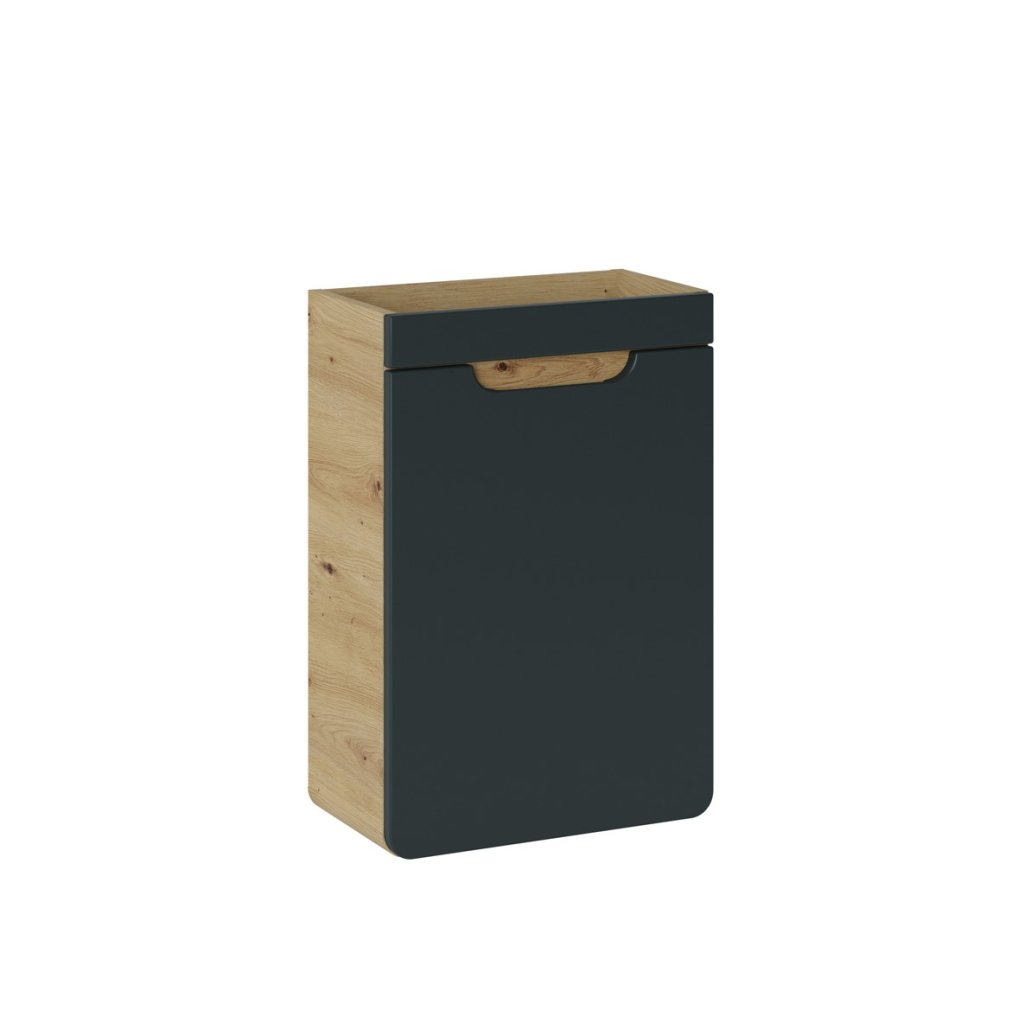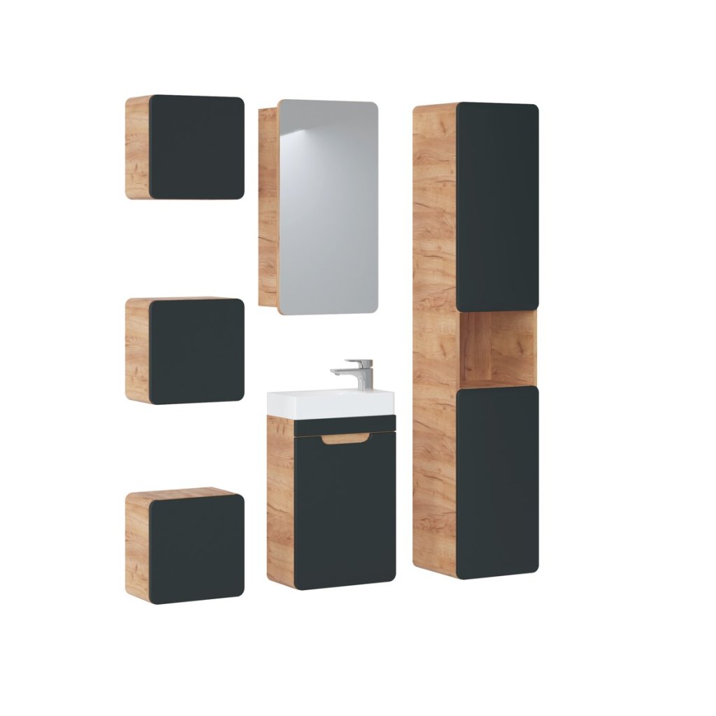 Bine ați venit la colecția de baie ARUBA COSMOS - o combinație unică de ușurință și design modern. Cu corpuri în decor auriu din stejar artizanal și fronturi într-o nuanță de gri, această colecție de baie creează un întreg delicat. Fiecare dulap de baie este finisat cu margini rotunjite, care vor adăuga un caracter unic și ușurință spațiului dumneavoastră. Fronturile dulapului fără mânere sunt inspirate de cele mai recente tendințe în designul interior, oferind băii dumneavoastră un aspect modern. Mobilierul de lavoar ARUBA Cosmos 826 are o ușă practică cu închidere silențioasă, care poate fi montată atât în versiunea stângă, cât și în cea dreaptă.
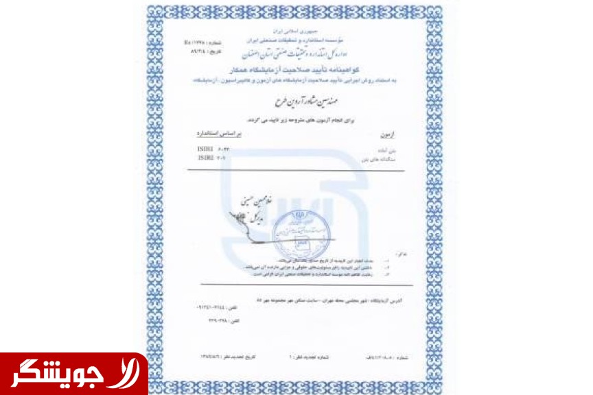 *Has certificate of approval, qualification, lab Fellow of the Institute of standard and industrial research of Iran in the field of:
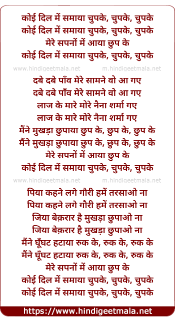 Lyrics of Koyee Dil Me Samaya Chupake Chupake Chupake - कोई दिल में समाया चुपके चुपक चुपके
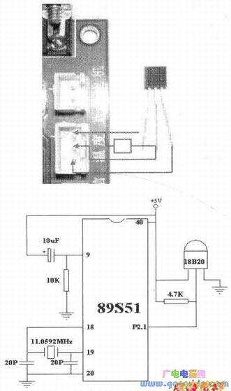 把DS18820温度的三个管脚对应插到学习板上黑色的标注“温度”插座,注意板上有一个弧度,传感器对应弧度方向,有字的一面向里面,弧度那面向外面插入。如下图所示。把编写好的程序下载到学习板的中,从相应的可看到当前温度的变化。
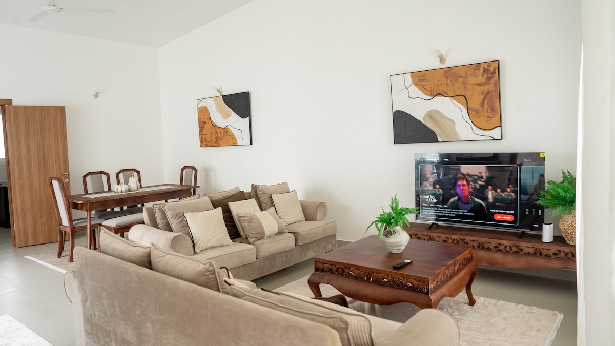 Step into this luxurious Airbnb apartment, where comfort meets elegance in every corner. With three spacious bedrooms and three bathrooms, there's plenty of space for you and your companions to unwind and relax. Each bedroom is thoughtfully designed for optimal rest, featuring plush bedding, ample storage, and tasteful decor.
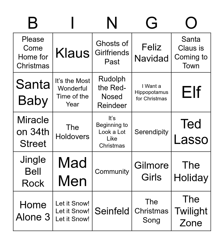 This bingo card has 60 words: Rockin’ Around the Christmas Tree, Let it Snow! Let it Snow! Let it Snow!, Baby Please Come Home, Jingle Bell Rock, The Christmas Song, Sleigh Ride, It’s the Most Wonderful Time of the Year, Run Rudolph Run, I Want a Hippopotamus for Christmas, White Christmas, Feliz Navidad, Deck the Hall, Santa Baby, Blue Christmas, A Holly Jolly Christmas, Please Come Home for Christmas, It’s Beginning to Look a Lot Like Christmas, Santa Claus is Coming to Town, Have Yourself A Merry Little Christmas, Rudolph the Red-Nosed Reindeer, Serendipity, Ghosts of Girlfriends Past, Home Alone 3, The Holiday, Just Friends, 8 Crazy Nights, The Grinch, The Santa Clause, Elf, Christmas with the Kranks, Bad Santa, Love Actually, Jingle All The Way, The Family Stone, Klaus, Unaccompanied Minors, Muppet Christmas Carol, The Holdovers, The Christmas Chronicles, Miracle on 34th Street, Friends, Mad Men, Ted Lasso, How I Met Your Mother, Gilmore Girls, The X-Files, New Girl, It’s Always Sunny in Philadelphia, Boy Meets World, Community, Seinfeld, Glee, The Mindy Project, Buffy the Vampire Slayer, The O.C., 30 Rock, The Office, The Fresh Prince of Bel-Air, The Twilight Zone and The West Wing.
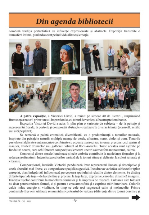 A patra expoziție, a Victoriei David, a reunit pe simeze 40 de lucrări , surprinzând
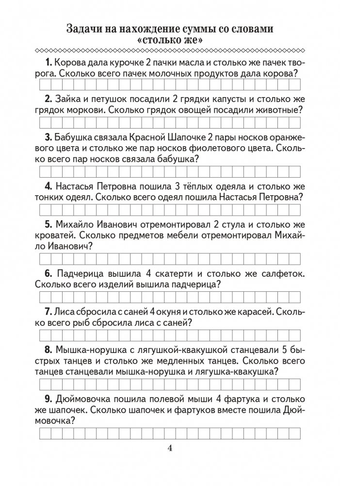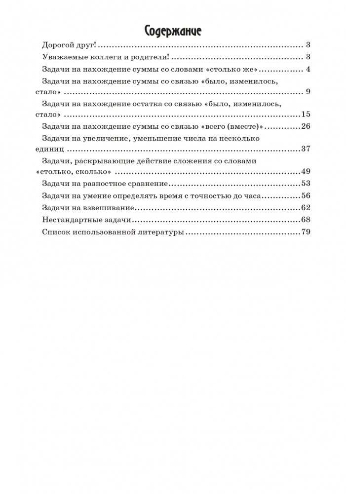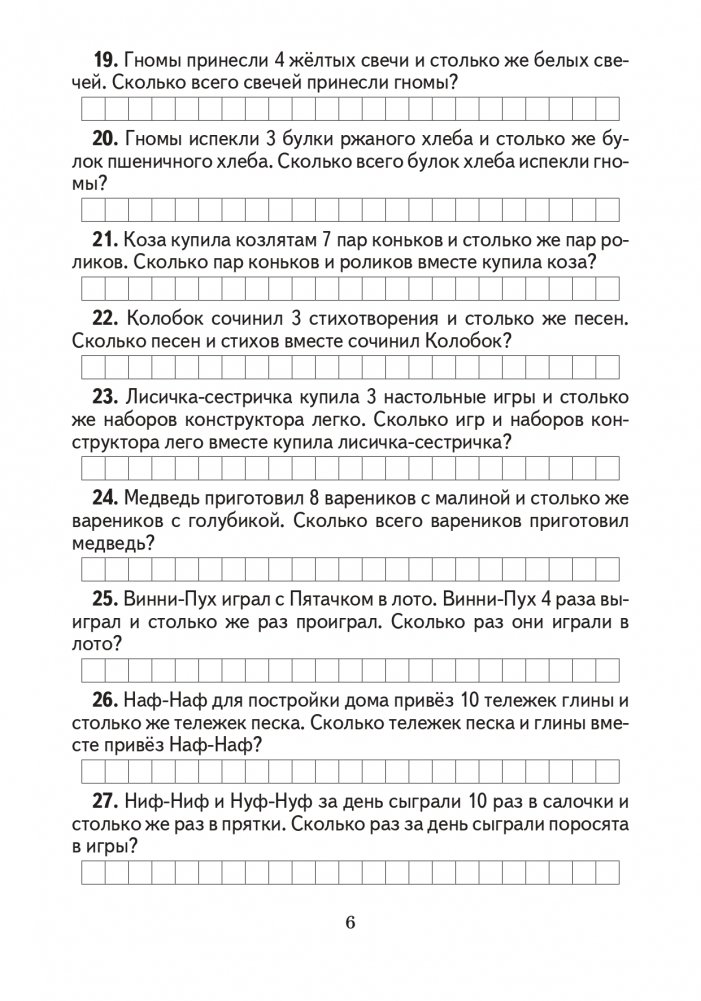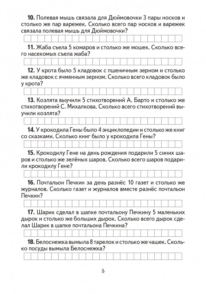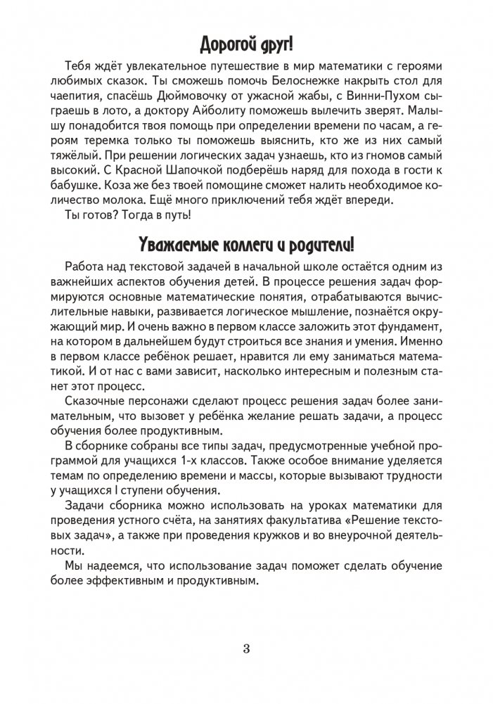 Сборник содержит основные типы задач, предусмотренные учебной программой для учащихся 1-х классов. Материал пособия направлен на отработку навыков решения типовых текстовых задач, в качестве дополнительных заданий для учащихся. Издание может быть использовано для проведения факультативных и кружковых занятий.
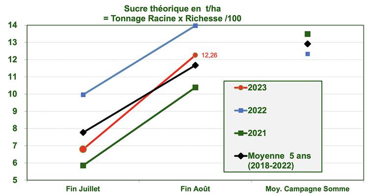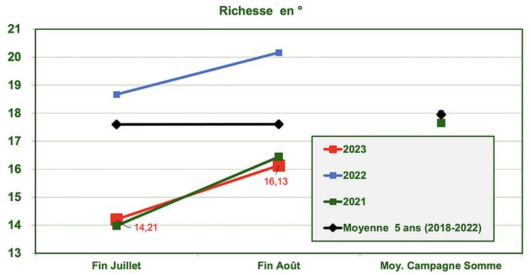 • Nous constatons à ce jour une richesse basse pour cette date : 16°1 soit 1,5° de moins que la moyenne cinq ans. Cette richesse s’explique par les pluies abondantes de l’été, mais aussi par la date moyenne des semis plus
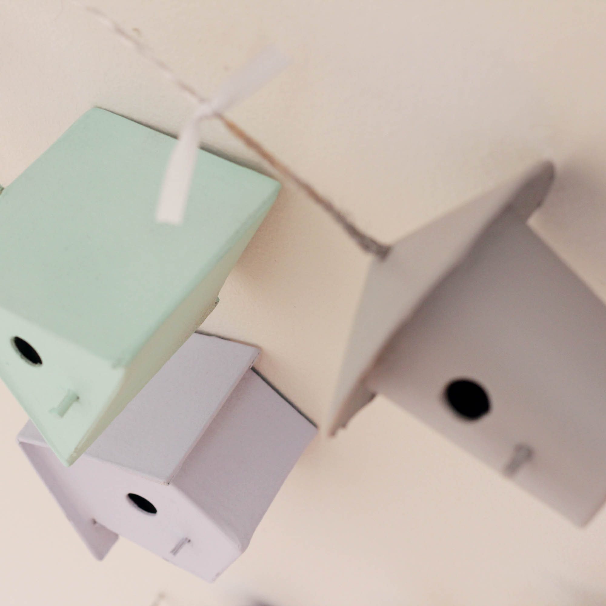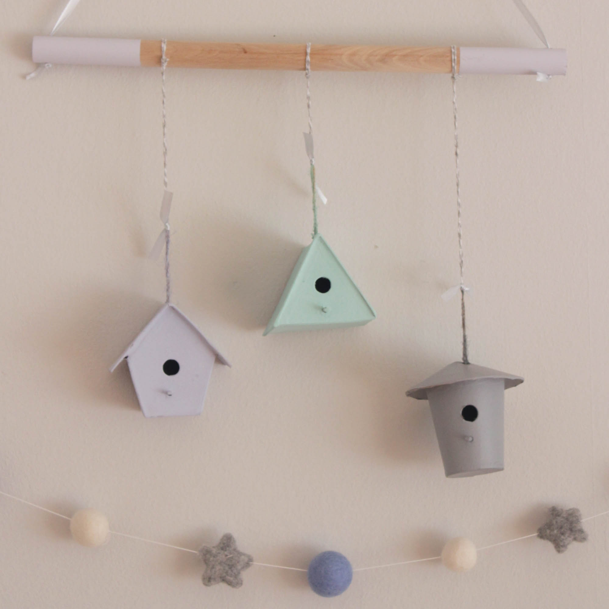 Διακοσμητικό κρεμαστό από ξύλο οξιάς με γλυκά σπιτάκια πουλιών από papier mache σε χρώματα θαλασσί, μέντα και γκρι. Μία ιδιαίτερη προσθήκη για το παιδικό δωμάτιο! Σε περίπτωση που θέλετε αλλαγή στα χρώματα παρακαλώ επιλέξτε παραπάνω για να φτιάξετε τον δικό σας μοναδικό συνδυασμό !
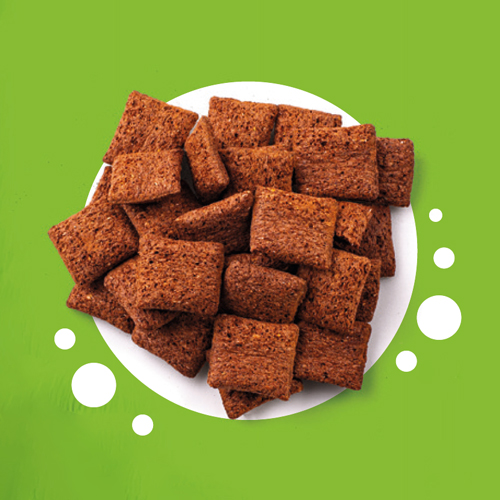 KNUSPERKISSEN SCHOKO-GESCHMACK. Extrudiertes Produkt. Zutaten: Getreide-Extrudat 59 % (Weizenmehl, Maismehl, Zucker, Kakaopulver mit reduziertem Fettgehalt, Haferflocken, Laktose, Weizenkleie, Speisesalz), Füllung 41 % (Zucker, Sheabutter, Molkenpulver, Kakaomasse 5 %, Kartoffelstärke, Kakaopulver mit reduziertem Fettgehalt 1 %, Milchpulver, Emulgatoren: Lecithine; natürliches Vanillearoma). Kann Spuren von Erdnüssen, Schalenfrüchten und Soja enthalten. Nährwerte pro 100 g: Energie 1846 kJ/ 440 kcal; Fett 16 g, davon gesättigte Fettsäuren 5,3 g; Kohlenhydrate 65 g, davon Zucker 36 g; Ballaststoffe 4,4 g; Eiweiß 6,7 g; Salz 1,11 g.
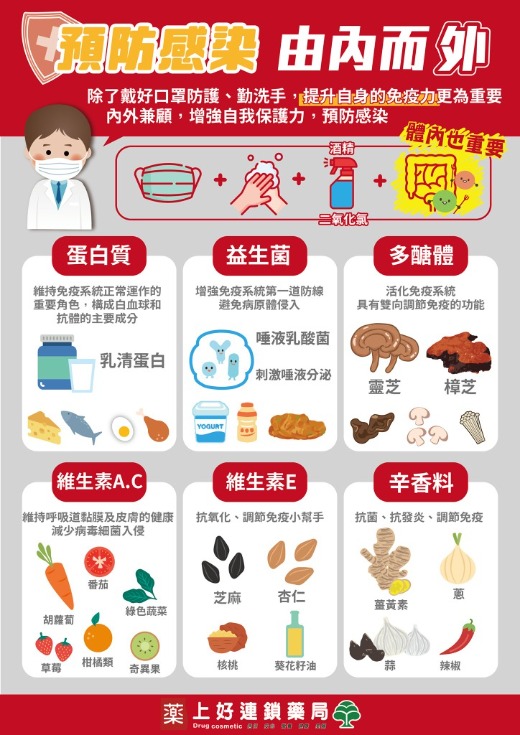 【預防感染,由內而外】 防疫期間,除了戴好口罩防護、勤洗手之外,提升自身的免疫力也是相當重要的喔!補充蛋白質、益生菌、多醣體、維生素A、C、E、辛香料,攝取均衡的營養,由內而外都兼顧,才能增強自我保護力,預防感染喔! 關鍵防疫,你我共同守護
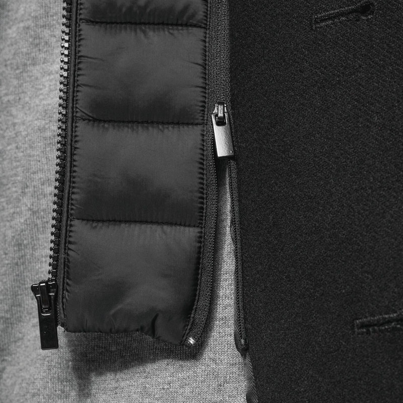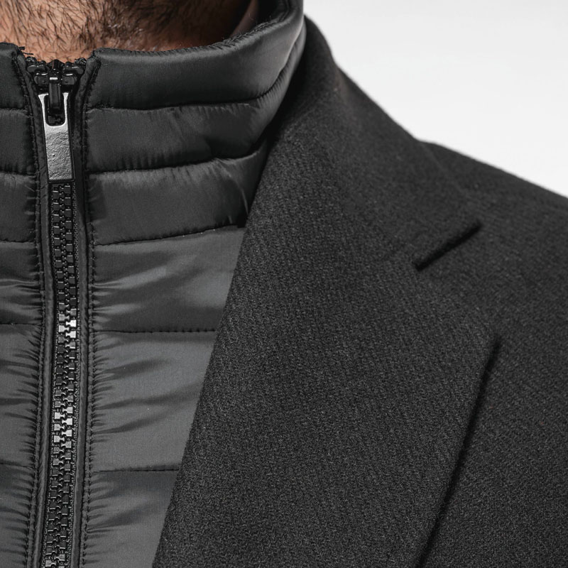 - Capospalla con parte amovibile in poliammide imbottita e impunturata: collo e pettorina anteriore removibile mediante chiusura interna, invisibile.
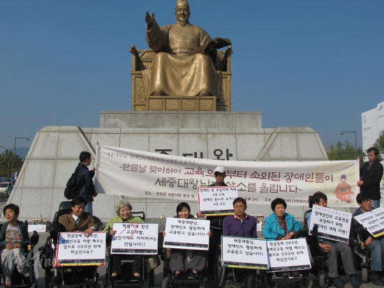 565번째 한글날을 맞이해 교육으로부터 소외된 장애인들이 세종대왕에게 장애성인 교육권 보장에 관한 상소를 올렸다.
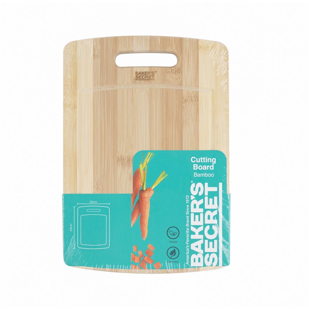 Hecha de madera de bamboo, la tabla de cortar de Bakers Secret es naturalmente resistente al agua y a los ambientes húmedos, por lo que también es resistente a las bacterias. Lo suficientemente resistente como para usarse como tabla de preparación y corte, pero lo suficientemente hermosa como para usarla como tabla para servir y se puede usar en ambos lados. Las ranuras de jugo integradas recogen los líquidos para ayudar a evitar derrames desordenados.

Task description |
The whole of the data needs to be copied word for word, though not its pictures.

Problem solution |
 Bine ați venit la colecția de baie ARUBA COSMOS - o combinație unică de ușurință și design modern. Cu corpuri în decor auriu din stejar artizanal și fronturi într-o nuanță de gri, această colecție de baie creează un întreg delicat. Fiecare dulap de baie este finisat cu margini rotunjite, care vor adăuga un caracter unic și ușurință spațiului dumneavoastră. Fronturile dulapului fără mânere sunt inspirate de cele mai recente tendințe în designul interior, oferind băii dumneavoastră un aspect modern. Mobilierul de lavoar ARUBA Cosmos 826 are o ușă practică cu închidere silențioasă, care poate fi montată atât în versiunea stângă, cât și în cea dreaptă.
 *Has certificate of approval, qualification, lab Fellow of the Institute of standard and industrial research of Iran in the field of:
 Lyrics of Koyee Dil Me Samaya Chupake Chupake Chupake - कोई दिल में समाया चुपके चुपक चुपके
 把DS18820温度的三个管脚对应插到学习板上黑色的标注“温度”插座,注意板上有一个弧度,传感器对应弧度方向,有字的一面向里面,弧度那面向外面插入。如下图所示。把编写好的程序下载到学习板的中,从相应的可看到当前温度的变化。
 Step into this luxurious Airbnb apartment, where comfort meets elegance in every corner. With three spacious bedrooms and three bathrooms, there's plenty of space for you and your companions to unwind and relax. Each bedroom is thoughtfully designed for optimal rest, featuring plush bedding, ample storage, and tasteful decor.
 This bingo card has 60 words: Rockin’ Around the Christmas Tree, Let it Snow! Let it Snow! Let it Snow!, Baby Please Come Home, Jingle Bell Rock, The Christmas Song, Sleigh Ride, It’s the Most Wonderful Time of the Year, Run Rudolph Run, I Want a Hippopotamus for Christmas, White Christmas, Feliz Navidad, Deck the Hall, Santa Baby, Blue Christmas, A Holly Jolly Christmas, Please Come Home for Christmas, It’s Beginning to Look a Lot Like Christmas, Santa Claus is Coming to Town, Have Yourself A Merry Little Christmas, Rudolph the Red-Nosed Reindeer, Serendipity, Ghosts of Girlfriends Past, Home Alone 3, The Holiday, Just Friends, 8 Crazy Nights, The Grinch, The Santa Clause, Elf, Christmas with the Kranks, Bad Santa, Love Actually, Jingle All The Way, The Family Stone, Klaus, Unaccompanied Minors, Muppet Christmas Carol, The Holdovers, The Christmas Chronicles, Miracle on 34th Street, Friends, Mad Men, Ted Lasso, How I Met Your Mother, Gilmore Girls, The X-Files, New Girl, It’s Always Sunny in Philadelphia, Boy Meets World, Community, Seinfeld, Glee, The Mindy Project, Buffy the Vampire Slayer, The O.C., 30 Rock, The Office, The Fresh Prince of Bel-Air, The Twilight Zone and The West Wing.
 A patra expoziție, a Victoriei David, a reunit pe simeze 40 de lucrări , surprinzând
 Сборник содержит основные типы задач, предусмотренные учебной программой для учащихся 1-х классов. Материал пособия направлен на отработку навыков решения типовых текстовых задач, в качестве дополнительных заданий для учащихся. Издание может быть использовано для проведения факультативных и кружковых занятий.
 • Nous constatons à ce jour une richesse basse pour cette date : 16°1 soit 1,5° de moins que la moyenne cinq ans. Cette richesse s’explique par les pluies abondantes de l’été, mais aussi par la date moyenne des semis plus
 Διακοσμητικό κρεμαστό από ξύλο οξιάς με γλυκά σπιτάκια πουλιών από papier mache σε χρώματα θαλασσί, μέντα και γκρι. Μία ιδιαίτερη προσθήκη για το παιδικό δωμάτιο! Σε περίπτωση που θέλετε αλλαγή στα χρώματα παρακαλώ επιλέξτε παραπάνω για να φτιάξετε τον δικό σας μοναδικό συνδυασμό !
 KNUSPERKISSEN SCHOKO-GESCHMACK. Extrudiertes Produkt. Zutaten: Getreide-Extrudat 59 % (Weizenmehl, Maismehl, Zucker, Kakaopulver mit reduziertem Fettgehalt, Haferflocken, Laktose, Weizenkleie, Speisesalz), Füllung 41 % (Zucker, Sheabutter, Molkenpulver, Kakaomasse 5 %, Kartoffelstärke, Kakaopulver mit reduziertem Fettgehalt 1 %, Milchpulver, Emulgatoren: Lecithine; natürliches Vanillearoma). Kann Spuren von Erdnüssen, Schalenfrüchten und Soja enthalten. Nährwerte pro 100 g: Energie 1846 kJ/ 440 kcal; Fett 16 g, davon gesättigte Fettsäuren 5,3 g; Kohlenhydrate 65 g, davon Zucker 36 g; Ballaststoffe 4,4 g; Eiweiß 6,7 g; Salz 1,11 g.
 【預防感染,由內而外】 防疫期間,除了戴好口罩防護、勤洗手之外,提升自身的免疫力也是相當重要的喔!補充蛋白質、益生菌、多醣體、維生素A、C、E、辛香料,攝取均衡的營養,由內而外都兼顧,才能增強自我保護力,預防感染喔! 關鍵防疫,你我共同守護
 - Capospalla con parte amovibile in poliammide imbottita e impunturata: collo e pettorina anteriore removibile mediante chiusura interna, invisibile.
 565번째 한글날을 맞이해 교육으로부터 소외된 장애인들이 세종대왕에게 장애성인 교육권 보장에 관한 상소를 올렸다.
 Hecha de madera de bamboo, la tabla de cortar de Bakers Secret es naturalmente resistente al agua y a los ambientes húmedos, por lo que también es resistente a las bacterias. Lo suficientemente resistente como para usarse como tabla de preparación y corte, pero lo suficientemente hermosa como para usarla como tabla para servir y se puede usar en ambos lados. Las ranuras de jugo integradas recogen los líquidos para ayudar a evitar derrames desordenados.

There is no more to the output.